Hi everyone, I'm new here, I really wanted to introduce myself and my Betta, but I just wanted to write a quick email because I am very worried about my Betta. Honestly I'm not so sure of when Ipurchased him, I have a 10 gallon tank with some platies and mollies, so i am often at my local fish store, I always see the Bettas in these little cups, I feel really bad and just want to buy them all to give them a good home! They are such beautiful fish, but unfortunatley, as we are all aware you can't keep them together in the same tank. 

Anyway, to get to the point, I have had the Betta approx. 2 months now. He has been doing amazing, very happy and healthy. I feed him small portions twice a day. I vary it up with pellets and freeze dried bloodworms. He has always accepted them both with now problem, until 2 days ago, I noticed that after feeding him, about an hour later, he threw up his food!?!? Now, yesterday, he couldn't even keep his food down. He wants to eat, but instantly throws it up. I don't know what to do, and I am very worried. Has anyone heard of such a case? Any suggestions would be greatly appreciated! 

Thanks, 
devin


----------



## mlefev

Well, I need to ask a couple questions first. Is he throwing it up, like it looks partially digested, or is he spitting it out whole? If he's just spitting it out and letting it sink, he may just be being a brat, and want worms instead of pellets. If it actually looks like it's been digested a bit, it could be an internal parasite or bacteria. 

And 2nd..Is he acting any differently, or losing color? Does he look injured?

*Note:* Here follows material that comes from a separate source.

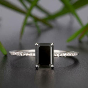 1.2ct Emerald Black Diamond Engagement Ring 14k White Gold Over Accent Solitaire

3rd...I know I said a couple, but I lied...Are you keeping him with the platies and mollies, or seperately, and regardless, do you know what the water parameters are?


----------



## devin

When he throws up it looks partially digested, he will keep going after the food after he spits it up and try eating it again, than he starts to bob his head, and out comes the food, sometimes whole, sometimes in pieces. This has happened with both the pellets and worms. 

He doesn't seem to be acting much different. Once I noticed him throwing up did a water change, and he got all mad at me, kept flaring out at me, and then he hid for a bit, so I turned his light out for awhile so he would calm down, he wouldn't come near me for the rest of the night nor this morning, kind of like giving me the cold shoulder for breaking up his bubblenest during the water change!!! Yea, like all Bettas he is a little brat!!!! OH! I also didn't feed him for 24 hours after i noticed him throwing up, so, yea, he was REALLY mad at me. But this evening he seems perfectly fine, except for the throwing up part. Not acting differently, he is getting over fin rot, (how this occured I have no idea the tank is immaculate!! )

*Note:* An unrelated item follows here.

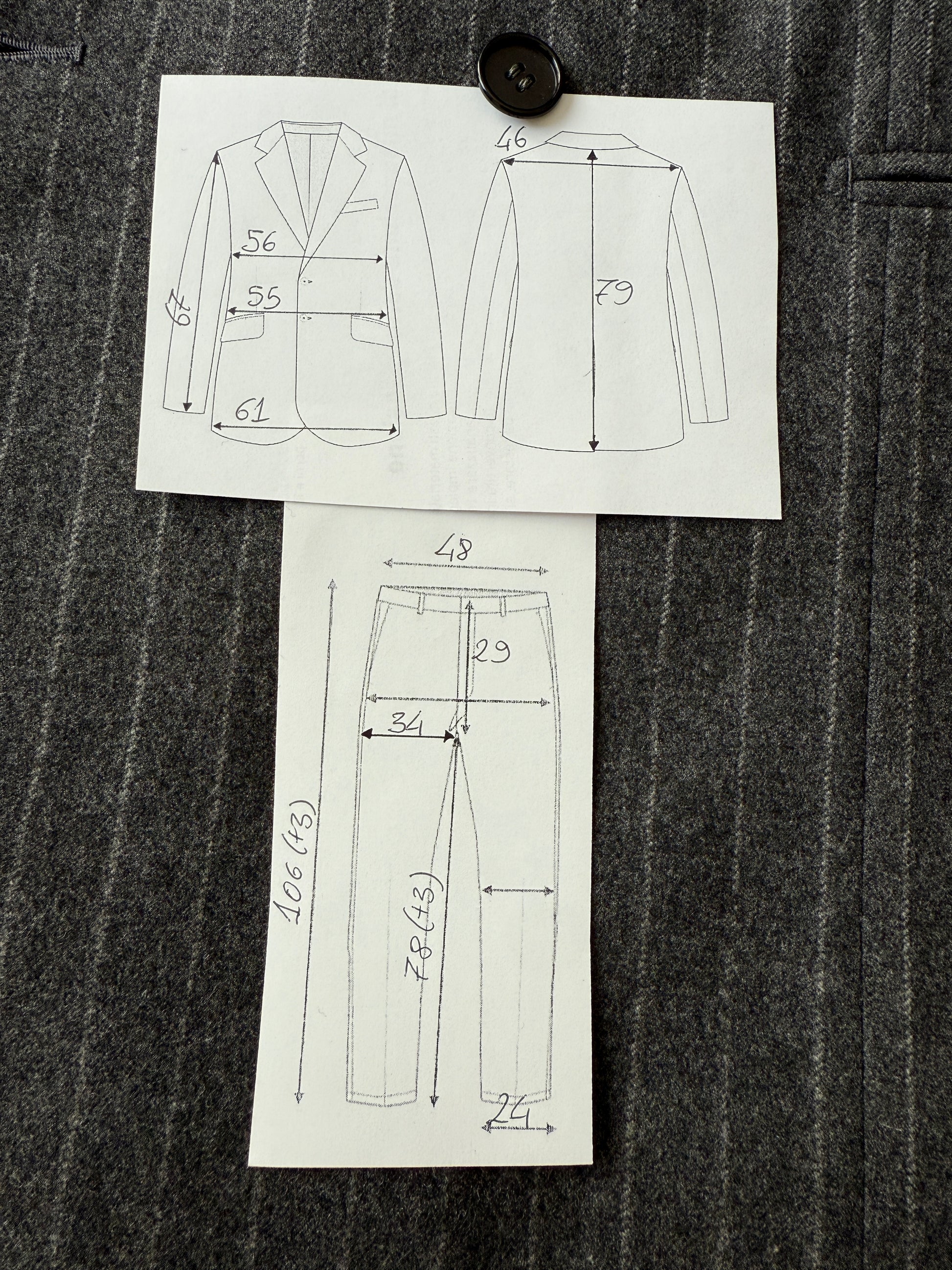 ⚠️ Per un confronto il più utile e accurato possibile, è necessario confrontare le misure solo fra abiti dal taglio simile: ad esempio, un abito dal taglio classico (giacca morbida e pantalone a vita alta) con un altro abito analogo, non con un abito slim fit o con un abito tipo anni '70 dal taglio snello e avvitato (e viceversa).

3rd- He is in his own 5 gallon tank, small filter, heater, air filter, live plants, 
water readings seem to be fine, pH 7.2, Ammonia 0, Nitrite 0, Nitrate 10

Sorry for the long boring reply!! I did have a thought while typing this, is it possible for him to become sick from the meds that were being used to treat the fint rot?


----------



## mlefev

I had one of mine get sick from meds because I was putting too much in his tank. 

How often are you treating, and with what medication? One thing I've noticed, is that fin rot can occur in perfectly kept conditions if they (bettas) were not treated well at the pet store or in shipping. It seems to be a diagnosis tool for more illness in this particular fish. 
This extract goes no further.